Kelp kayak monitoring at Ebeys Landing on Whidbey Island
“A unique, bottom-up approach was created to restore and protect marine resources in the area. The Northwest Strait Initiative was designed to harness the energy and expertise of local residents and empower them with opportunities to actively protect and restore marine resources.”
Of the many community-based groups and collaborations across Puget Sound and the Salish Sea concerned with marine ecosystem health and kelp habitats in particular, two stand out: The Puget Sound Restoration Fund and The Northwest Straits Commission. The Puget Sound Restoration Fund has been focused on kelp recovery in Puget Sound for longer than anyone. They have created partnerships across many communities and sectors and hosted the Kelp Highway Expedition in 2021, to bring together citizen scientists and artists, food and tribal communities. They are currently implementing a comprehensive kelp surveying initiative called Eyes on Kelp.
Betsy Peabody, the founder of PSRF, emphasizes the importance of kelp to the future of Puget Sound and the long history of the human relationship to kelp:
“Ever since humans followed the kelp highway to reach these shores, our lives have been interwoven with kelp. We have navigated by it, found safe harbor in it, eaten it, used it in cultural practices, and harvested the animals great and small that live in it. Now we need to look to it for our future. We have unleashed anthropogenic carbon into the world, both the atmosphere and the oceans, and we need all the allies we can find to help soak it up. Perhaps kelp can help chart a path forward, as a natural mechanism for transforming carbon into life-building biomass.”
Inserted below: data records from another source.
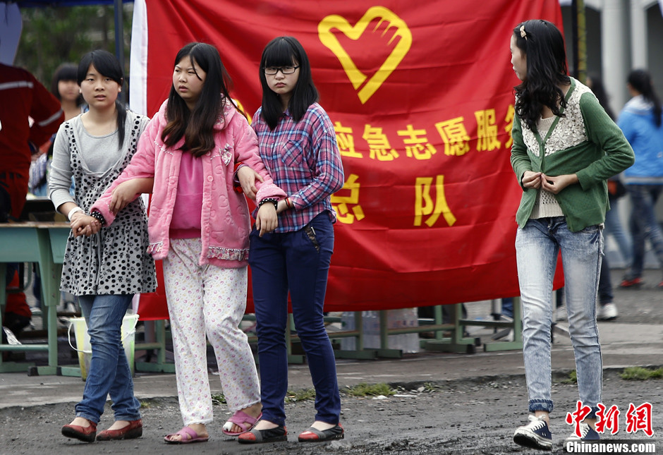 4月24日,四川芦山地震后首所板房学校在国张中学复课,志愿者正在为同学上震后第一课。这是中国青少年发展基金会等援建的第一所“抗震希望学校”,而国张中学的原校舍在地震中严重损毁,两栋教学楼、两栋宿舍均成为危房。中新社发 张浩 摄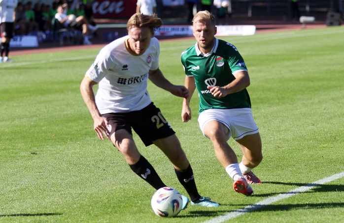 Wintzheimers Fehlschuss in der 96. Minute hat Folgen. Die Schweinfurter sind weiter punkt- und sogar torloses Schlusslicht in der 3. Liga. Vier von 38 Partien sind zwar erst vorbei, aber bei den Fans kommen so langsam Zweifel auf. Wenn selbst bei einem so guten Auftritt wie diesmal gegen Wehener, die vier Tage zuvor die Münchner Bayern massiv ärgerten, rein gar nichts Zählbares heraus springt… „Aktuell kommt extrem viel zusammen. Aber wir lassen uns nicht unterkriegen. Die letzten fünf Minuten auf diesem Sportplatz waren extrem surreal“, bemühte Trainer Victor Kleinhenz gleich zwei Mal dieses Wort. Und ja, diese Partie war extrem: Spannend, aufregend, ärgerlich. Vielleicht auch wegweisend?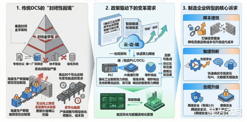 传统DCS系统曾以其高可靠性、实时性筑起了工业自动化的基石,但其“封闭金字塔”式架构已日益成为制造业数字化转型的桎梏。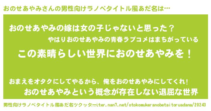 | 女子向けラノベタイトル風あだ名 | 『乙女ゲームの破滅フラグしかない悪役おのせあやみに転生してしまった…』 |

The Northwest Straits Initiative was established as a new and different approach to help restore and protect the marine resources of the Northwest Straits region—including The Strait of Juan de Fuca, San Juan Islands and Northern Puget Sound—designed to harness the energy and expertise of local residents and empower them with opportunities to actively protect and restore the marine resources.
Since 1998, the Northwest Straits Initiative has worked as a community-led collaboration to protect and restore the marine environment of northwest Washington State. The Initiative includes seven county-based Marine Resources Committees (MRCs) that are made up of volunteers representing diverse perspectives in their communities. They serve as local advisory groups to county government and lead locally based marine conservation efforts. The Northwest Straits Commission coordinates MRCs and regional kelp conservation and recovery efforts in Puget Sound. They contribute community science and place-based knowledge through kayak-based bull kelp monitoring, and lead coordination of the Puget Sound Kelp Conservation and Recovery Plan. These efforts spurred a wave of collaborative kelp conservation efforts across tribes, nonprofits, state and federal agencies, universities, and local communities. This serves as a model of how local voices can ignite broad collective action for vital species and habitats like kelp.